Read more about his research at Roger Butlin’s website at Sheffield University.
Isabelle Olivieri
Distinguished Fellow of ESEB awarded in 2017
Isabelle Olivieri (1957 – 2016), was an exceptional evolutionary biologist specialized in genetics and population biology. She held a full professorship at the University of Montpellier, France. Her comprehensive work on metapopulations, dispersal, demography, and the impact of natural selection is unique and represents an excellent example of the importance of linking ecological and evolutionary processes. Isabelle Olivieri has trained countless students in evolutionary biology in France and throughout Europe. Not surprisingly, she is one of the few evolutionary biologists who was elected as a member of EMBO. Isabelle Olivieri has been a very influential member of ESEB, well-known for her clear opinions. She was President from 2007 until 2009, hence officer from 2005–2011, and she acted as ESEB Vice-President from 1995 – 1997. From 2009 – 2013, Isabelle Olivieri was a member of the ESEB outreach committee, and she joined the ESEB finance committee from 1991 – 1993 and again from 1995 – 1997. She contributed to the first ESEB congress in Montpellier in 1993 and she was one of the people initiating the first Joint congress together with ASN, CSEE, SBB, and SSE in Ottawa, Canada, in 2012.

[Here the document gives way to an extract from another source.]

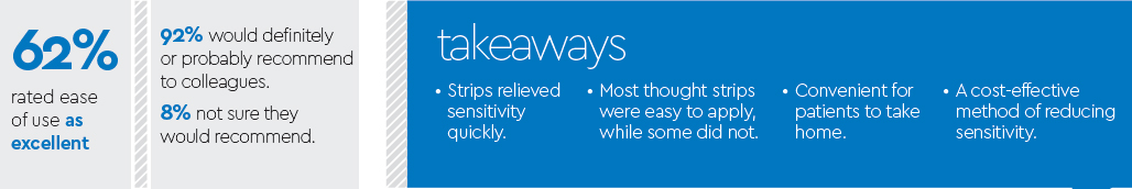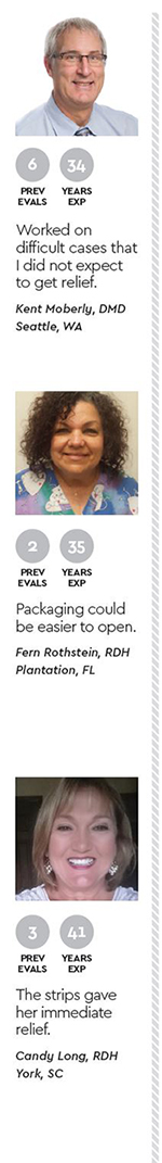 Another DPS evaluator, Harriet Ludjin, RDH, said she is always looking for ways to relieve patients’ sensitivity, and this product brings relief quickly. Ludjin described the strips as another effective treatment modality that are readily available for the consumer and uncomplicated to use. “It gives patients hope that they wouldn’t have sensitivity all their lives.”
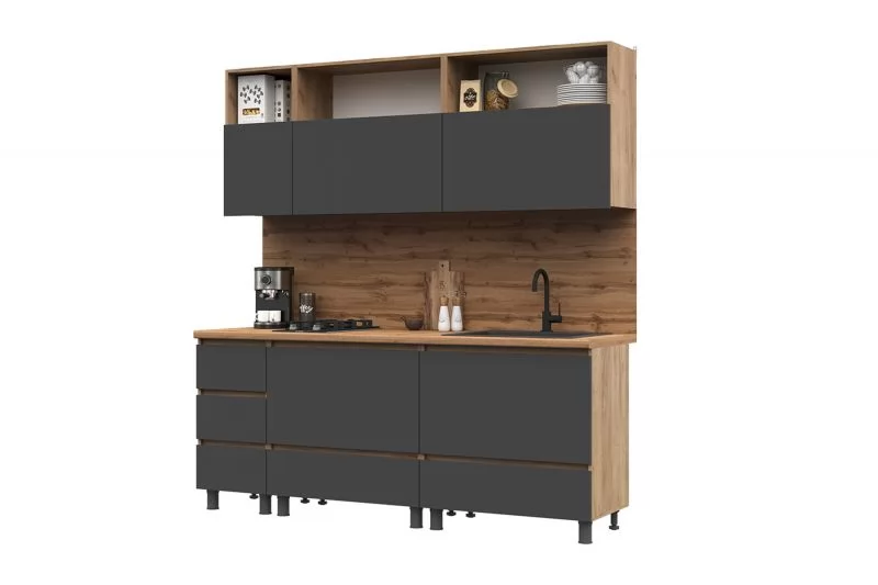 ХЕЛЕН Кухня 2.0м, ЛДСП Дуб Крафт Золотой/ЛДСП Серый графи ПФ(38) Вотан-2м цельная (б/сушки, б/мойки) G25483 в Тюмени

More about Isabelle Olivieri is available at the University of Montpellier. Obituaries have been published in Evolutionary Applications and the Journal of Evolutionary Biology
Rolf F. Hoekstra
Distinguished Fellow of ESEB awarded in 2013
Rolf Hoekstra, emeritus professor of genetics at the University of Wageningen, is a distinguished theoretical evolutionary biologist. He was Editor-in-Chief of the Journal of Evolutionary Biology between 1996 and 1999, and ESEB’s President between 2003 and 2005.
Stephen C. Stearns
Distinguished Fellow of ESEB awarded in 2007
Stephen Stearns is Professor at the Department of Ecology and Evolutionary Biology at Yale University. He was one of the founders of ESEB, the founding Editor of the Journal of Evolutionary Biology, and ESEB’s President between 1997 and 1999. Furthermore, he served the Council between 2001 and 2005. See also “How the European Society for Evolutionary Biology and the Journal of Evolutionary Biology were founded”.

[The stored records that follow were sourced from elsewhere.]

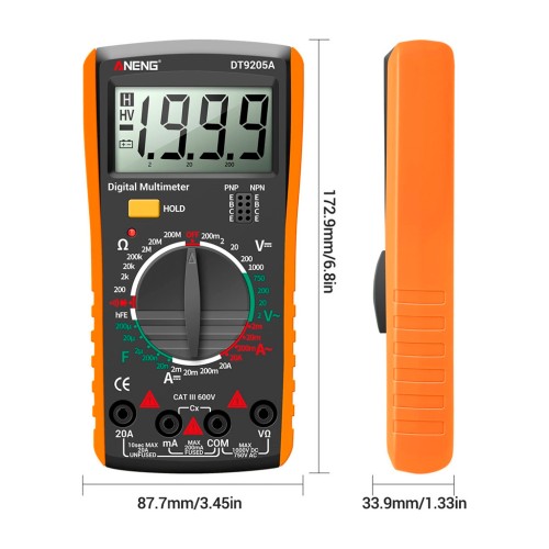 Цифровий мультиметр ANENG DT9205A, V, A, R, C, T, функція hFE (DT9205A)
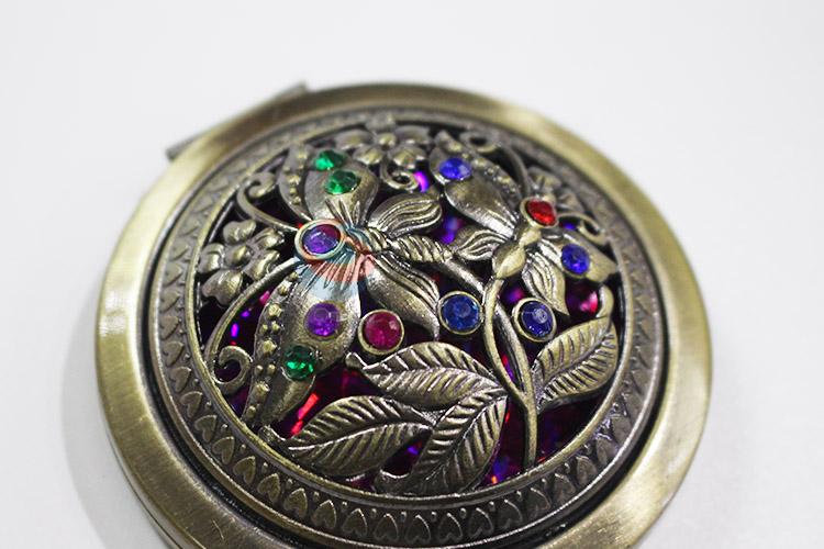 Factory supply round hollow alloy mirror with colorful stones
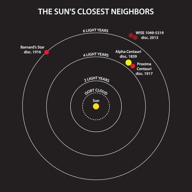 Το δεύτερο κοντινότερο άστρο, του Μπάρναρντ, απέχει περίπου έξι έτη φωτός και ανακαλύφθηκε το 1916, ενώ το πιο κοντινό στη Γη είναι το τριπλό αστρικό σύστημα Άλφα Κενταύρου, ένα από τα αχνά άστρα του οποίου, ο Εγγύς Κενταύρου, που ανακαλύφθηκε το 1917, απέχει μόλις 4,2 έτη φωτός.

Read more about his research at Stearns’ website at Yale University.
John Maynard Smith
Distinguished Fellow of ESEB awarded in 1997
John Maynard Smith FRS (1920 – 2004), one of the most influential evolutionary biologists in the last decades, was President of ESEB between 1991 and 1993. He was Professor of Biology at the University of Sussex, UK and author of several books on evolution, both for scientists and the general public. Maynard Smith received many distinctions, including the 1999 Crafoord Prize awarded by the Swedish Academy of Sciences, the 2001 Kyoto Prize, and the Darwin medal of the Royal Society.